[Your assignment]
Below are lines of data; restate word for word those running from the line containing "قال أبو علي: قد" to the line containing "5月28日,为深入学习贯彻习", inclusive, and no others.

[Data to process]

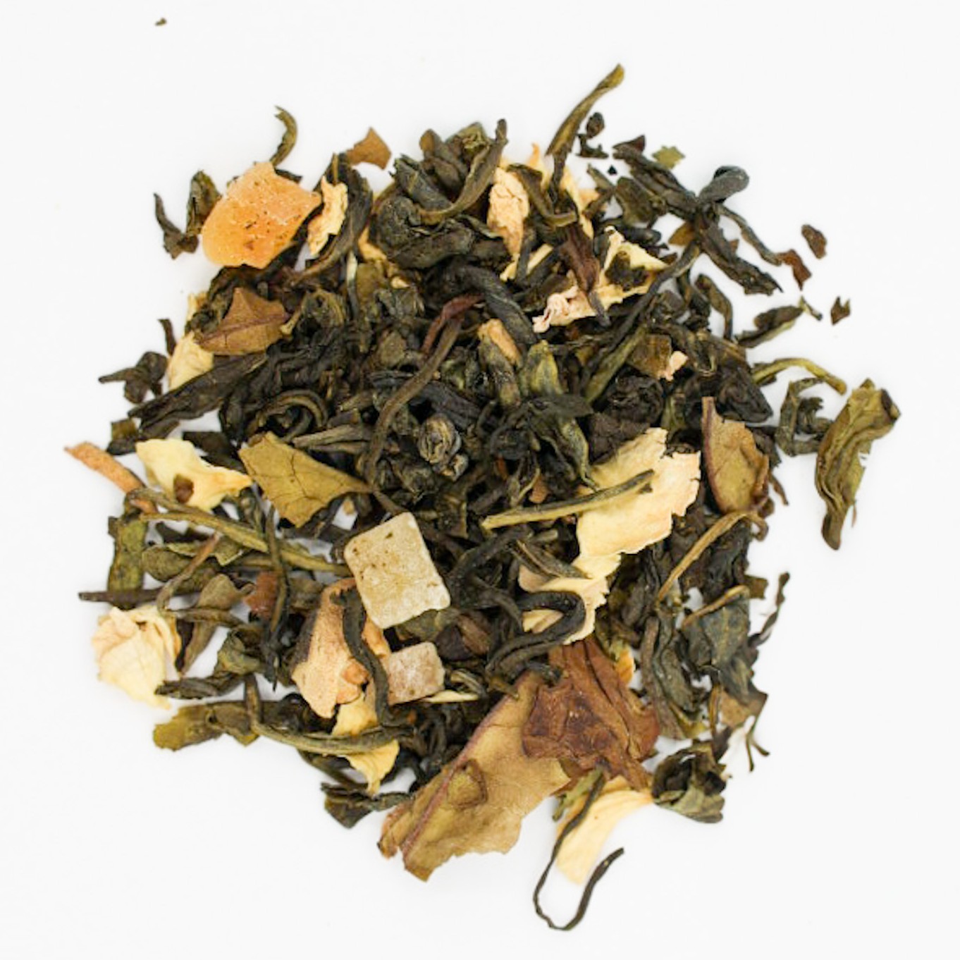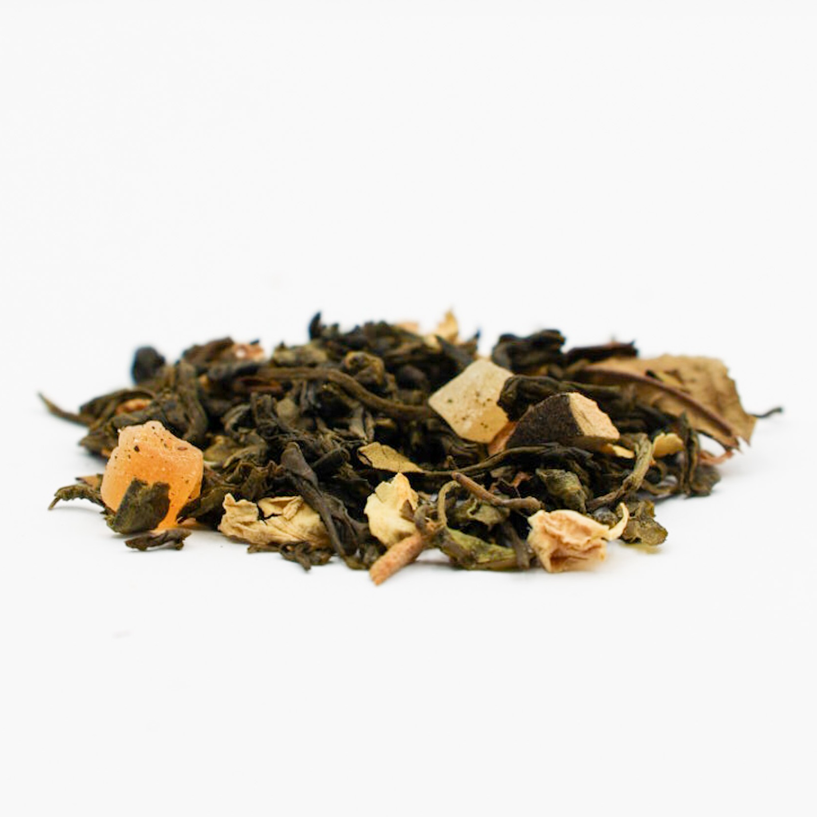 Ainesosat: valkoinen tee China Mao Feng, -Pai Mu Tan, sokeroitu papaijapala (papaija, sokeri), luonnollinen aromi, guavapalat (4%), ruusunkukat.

---

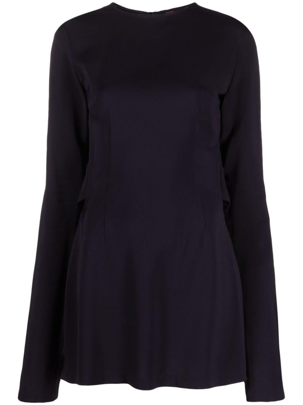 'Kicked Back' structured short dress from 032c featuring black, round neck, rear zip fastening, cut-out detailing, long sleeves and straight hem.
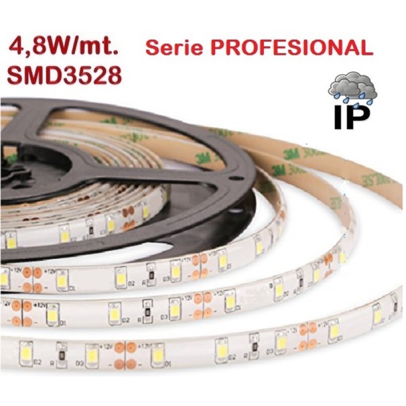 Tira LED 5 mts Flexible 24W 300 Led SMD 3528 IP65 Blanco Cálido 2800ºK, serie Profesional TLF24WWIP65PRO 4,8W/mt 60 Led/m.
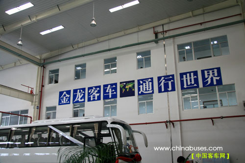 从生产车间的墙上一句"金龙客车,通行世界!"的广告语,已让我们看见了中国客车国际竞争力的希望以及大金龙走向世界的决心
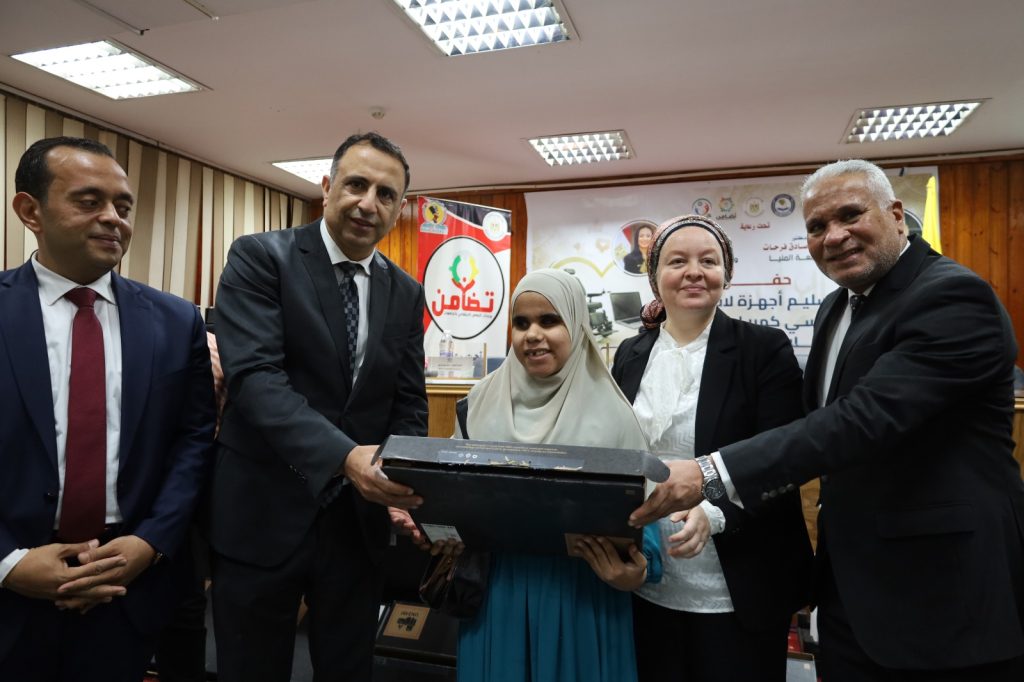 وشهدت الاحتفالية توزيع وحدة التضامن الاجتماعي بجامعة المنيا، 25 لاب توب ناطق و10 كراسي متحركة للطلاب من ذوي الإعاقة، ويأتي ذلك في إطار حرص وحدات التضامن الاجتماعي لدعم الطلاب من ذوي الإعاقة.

---

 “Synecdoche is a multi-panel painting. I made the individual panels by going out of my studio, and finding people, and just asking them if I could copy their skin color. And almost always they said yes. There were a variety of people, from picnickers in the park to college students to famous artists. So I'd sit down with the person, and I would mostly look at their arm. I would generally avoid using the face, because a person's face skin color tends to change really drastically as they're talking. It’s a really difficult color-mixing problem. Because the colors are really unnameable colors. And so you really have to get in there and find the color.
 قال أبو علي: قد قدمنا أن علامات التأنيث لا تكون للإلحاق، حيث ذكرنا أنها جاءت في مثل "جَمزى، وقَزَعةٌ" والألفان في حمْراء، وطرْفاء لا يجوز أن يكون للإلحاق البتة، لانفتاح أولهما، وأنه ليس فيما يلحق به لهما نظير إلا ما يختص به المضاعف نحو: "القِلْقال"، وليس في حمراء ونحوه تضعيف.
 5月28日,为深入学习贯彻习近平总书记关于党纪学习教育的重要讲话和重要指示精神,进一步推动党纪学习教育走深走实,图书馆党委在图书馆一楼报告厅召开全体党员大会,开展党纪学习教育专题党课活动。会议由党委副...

[Answer to this exercise]
 قال أبو علي: قد قدمنا أن علامات التأنيث لا تكون للإلحاق، حيث ذكرنا أنها جاءت في مثل "جَمزى، وقَزَعةٌ" والألفان في حمْراء، وطرْفاء لا يجوز أن يكون للإلحاق البتة، لانفتاح أولهما، وأنه ليس فيما يلحق به لهما نظير إلا ما يختص به المضاعف نحو: "القِلْقال"، وليس في حمراء ونحوه تضعيف.
 5月28日,为深入学习贯彻习近平总书记关于党纪学习教育的重要讲话和重要指示精神,进一步推动党纪学习教育走深走实,图书馆党委在图书馆一楼报告厅召开全体党员大会,开展党纪学习教育专题党课活动。会议由党委副...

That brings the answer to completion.